Activity
Print the lines that start the entries and continue through the one holding "- 1x Ghiozdan cu roti si maner telescopic", please, exactly and with the pictures omitted.

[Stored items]
*** Block opens ***

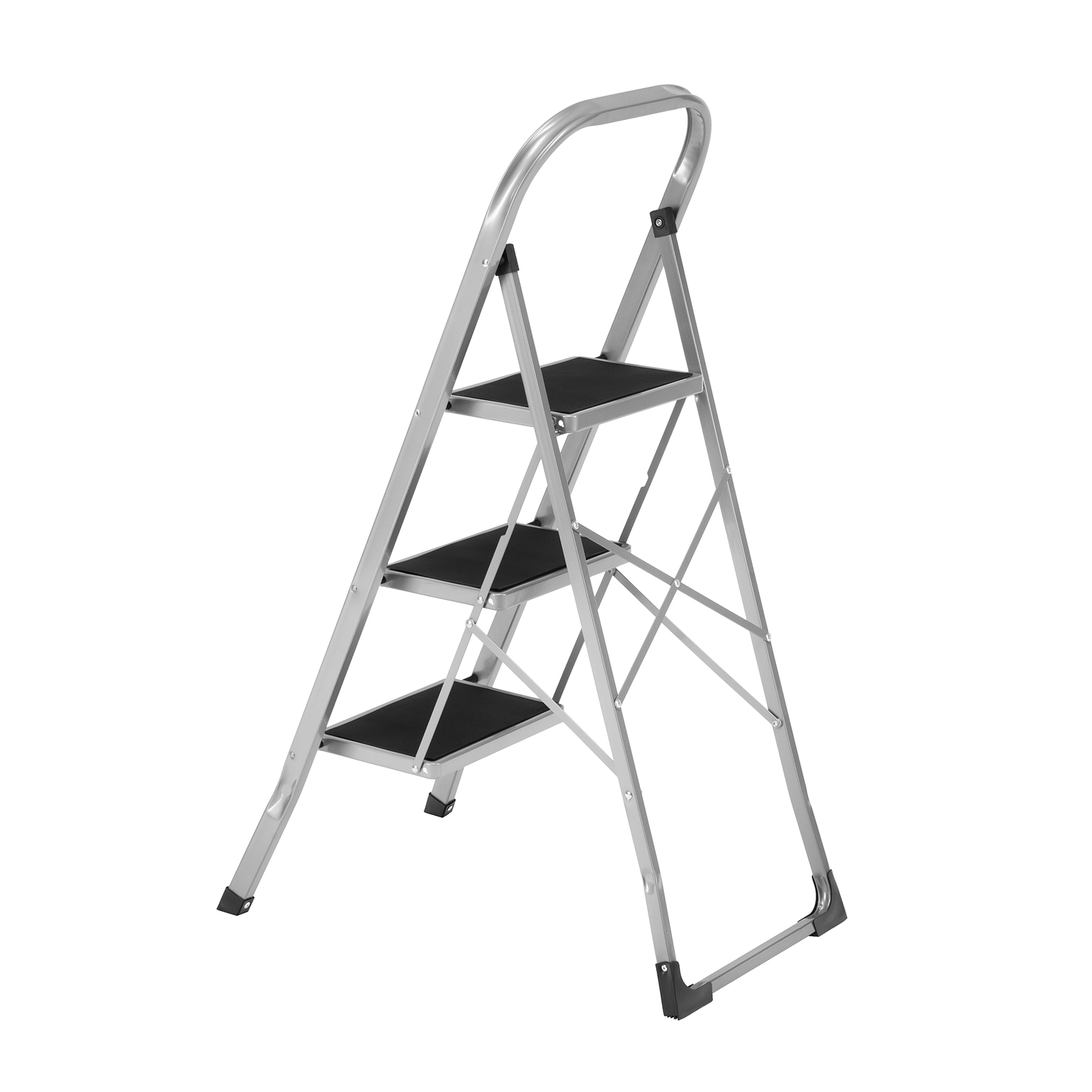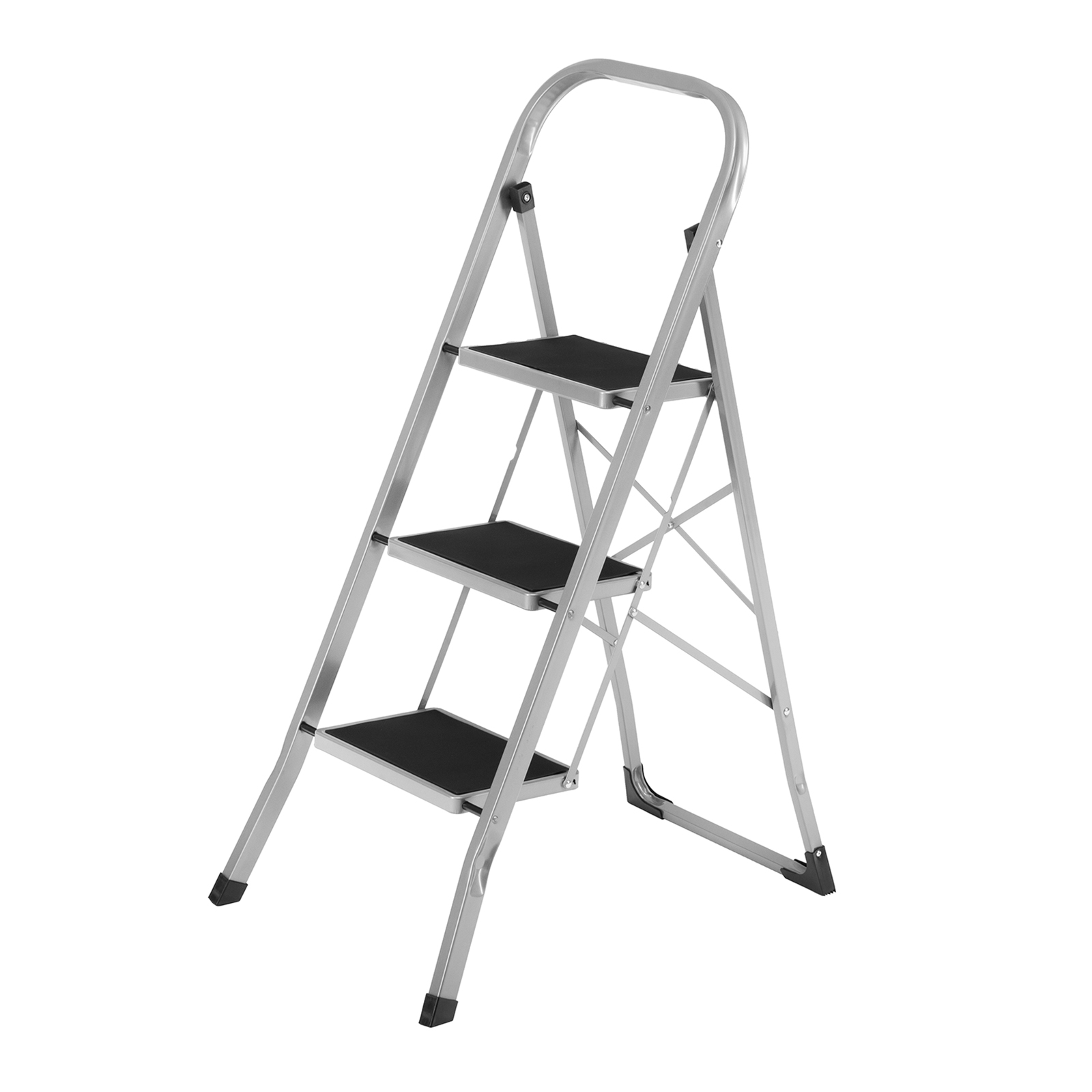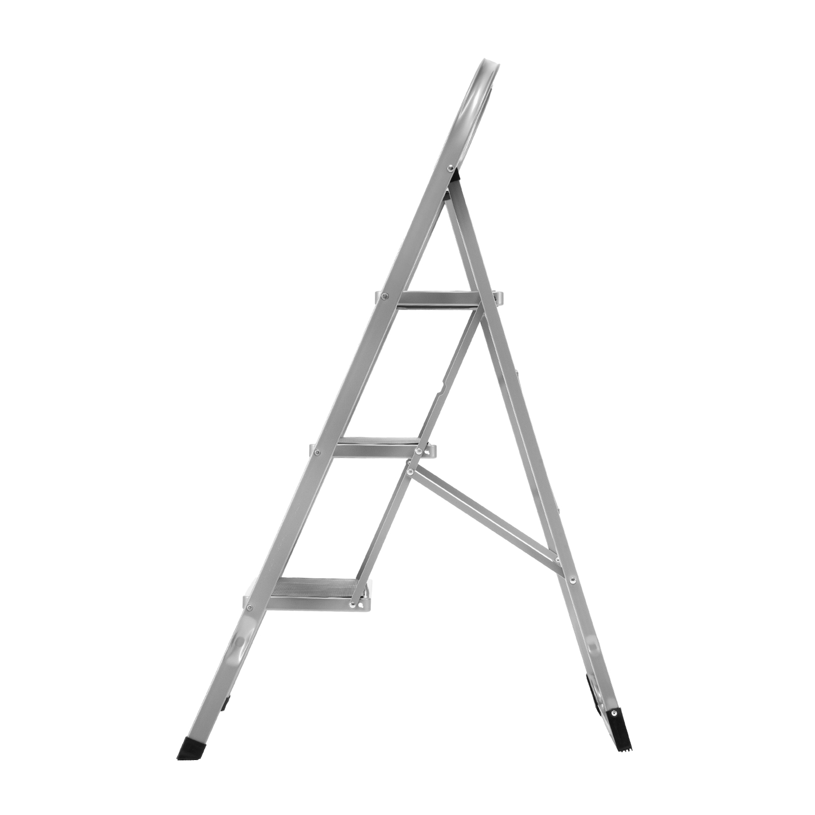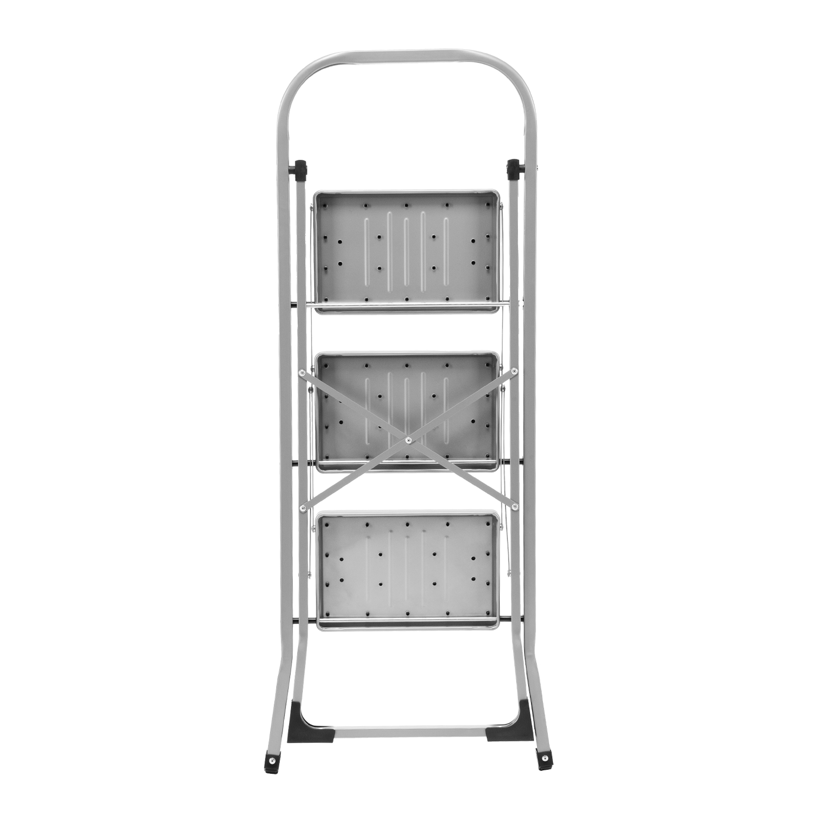 - Удобное хранение — за счет толщины в сложенном виде 4,5 см стремянка не занимает много места.
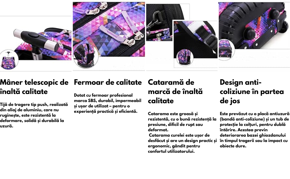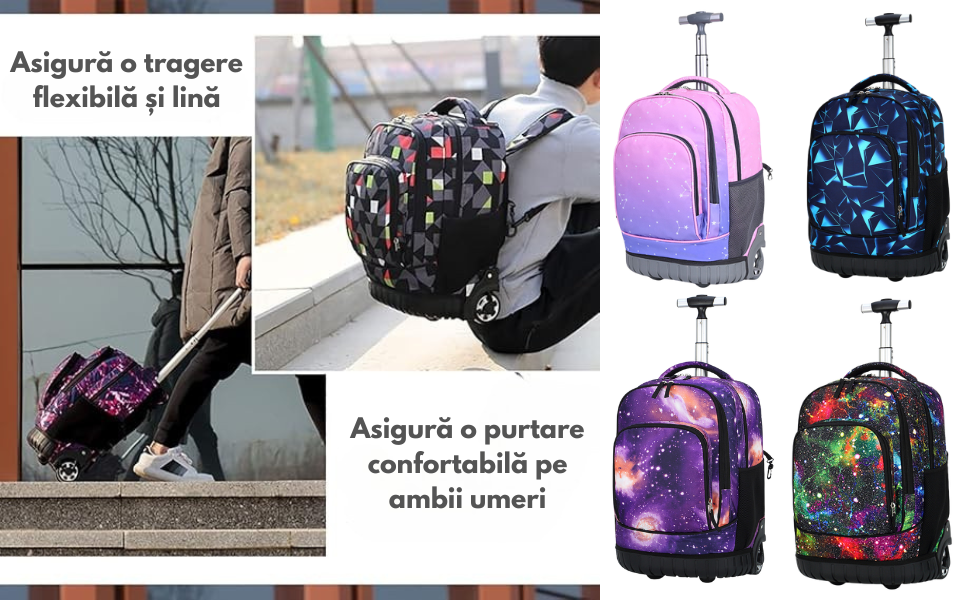 - 1x Ghiozdan cu roti si maner telescopic
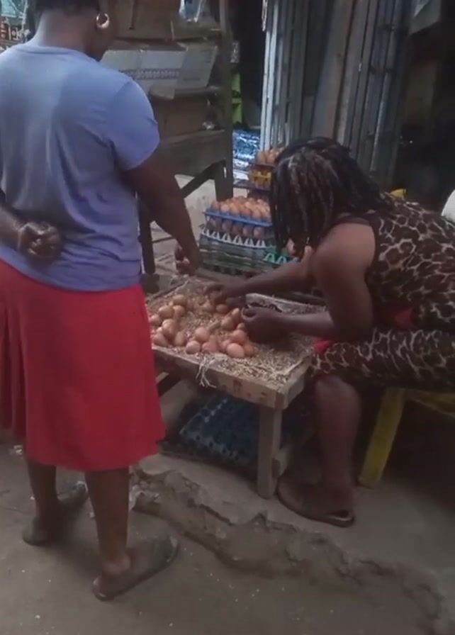 A woman in a blue t-shirt and red skirt stands with her hands clasped behind her back, observing another woman. The seated woman is wearing a leopard-print dress and has her hair in braids. She is carefully examining a pile of brown eggs on a small wooden table. Crates of eggs are visible in the background. A man walks past the camera. The scene appears to be taking place outdoors, likely in a market setting.
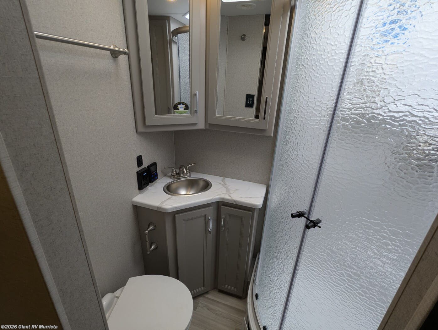 - Bath-and-a-Half Design: Features a full rear bath with a skylit shower and a mid-coach half bath for guest convenience and family-friendly travel.
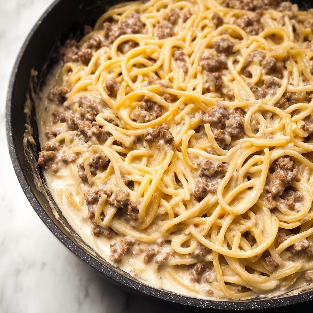 Finally, add the cooked spaghetti directly into your skillet with the creamy beef sauce. Gently toss everything together so the noodles are generously coated with the cheesy, flavorful sauce. This step brings all the elements together, ensuring every forkful is pure deliciousness.
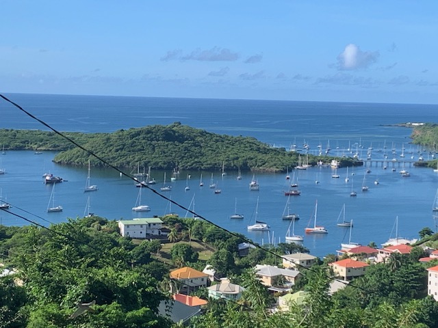The gang stops for another beer at a roadside bar on Upper Woburn. At the corner of Grand Anse and Lower Woburn Sue says the watermelons are good and the prices too so we buy one. Short walk back up to Island View where the walk ends. Some of the gang go into Taffy’s for another beer. That’s 4 and it’s not yet 10 am. For some, that’s the cruising life.
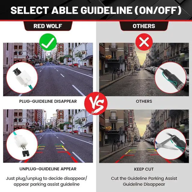 Easy to select guidelineThe GMC reverse camera built in Multifunctional Distance Guide Line On/Off Switcher, you can decide camera mode freely. You don't have to cut any wire harness.
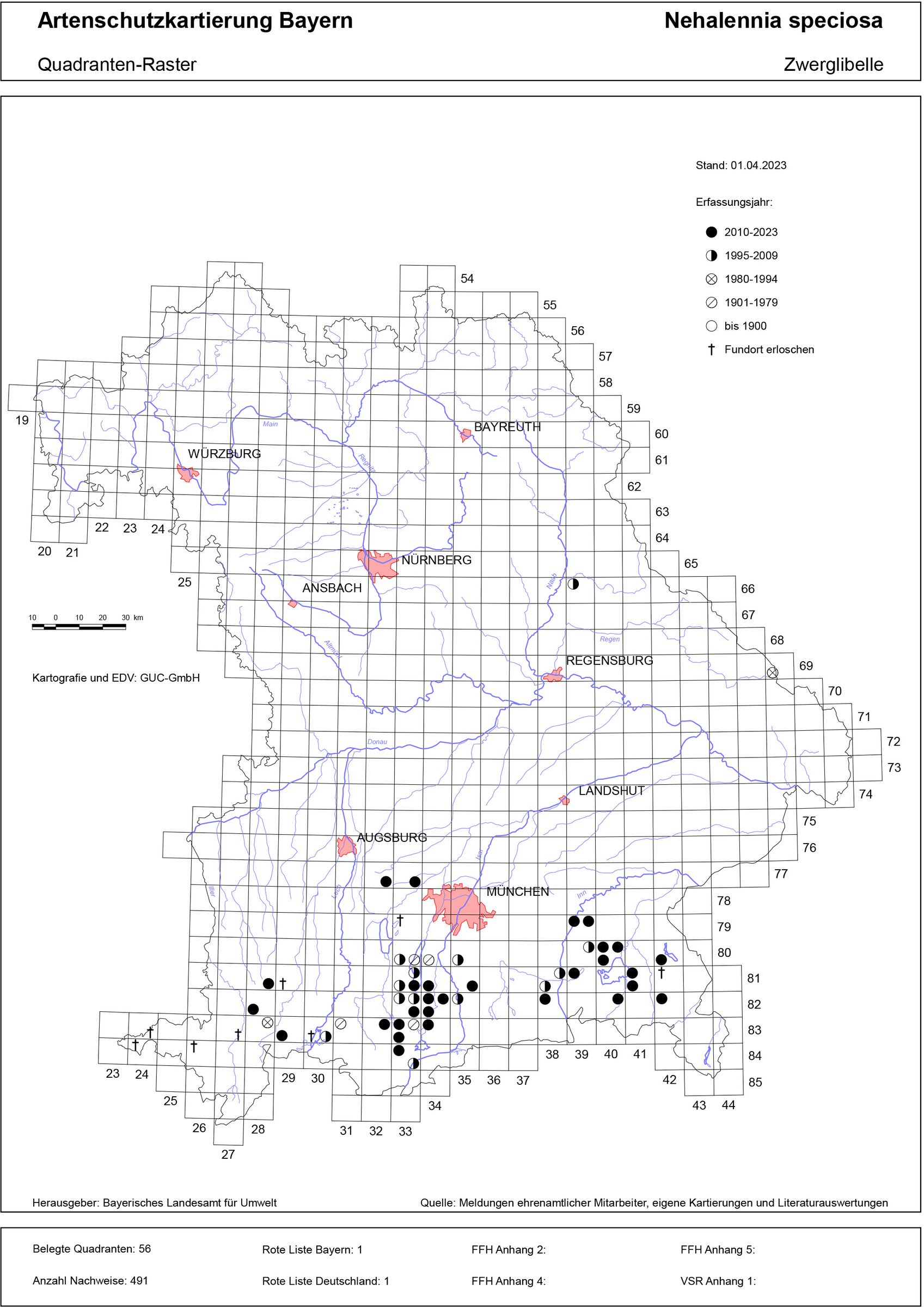 Zwerglibellen (Nehalennia speciosa) stellen sehr spezielle Ansprüche an ihren Lebensraum, ihre Larven bewohnen in Bayern Seggensümpfe mit gleichmäßig niedriger Vegetation und weitgehend konstantem, niedrigem Wasserstand. Die seichten Moorgewässer erwärmen sich stark, sind nährstoffarm, meist schwach bis mäßig sauer und von Mineralbodenwasser (z.T. kalkquellig) beeinflusst. Die Vegetation, in der die ausgewachsenen Libellen ruhen, jagen und sich fortpflanzen, besteht meist aus mäßig bis sehr dichten, relativ hochwüchsigen Seggenbeständen.

*** Block closes ***

Result of the exercise
 - Удобное хранение — за счет толщины в сложенном виде 4,5 см стремянка не занимает много места.
 - 1x Ghiozdan cu roti si maner telescopic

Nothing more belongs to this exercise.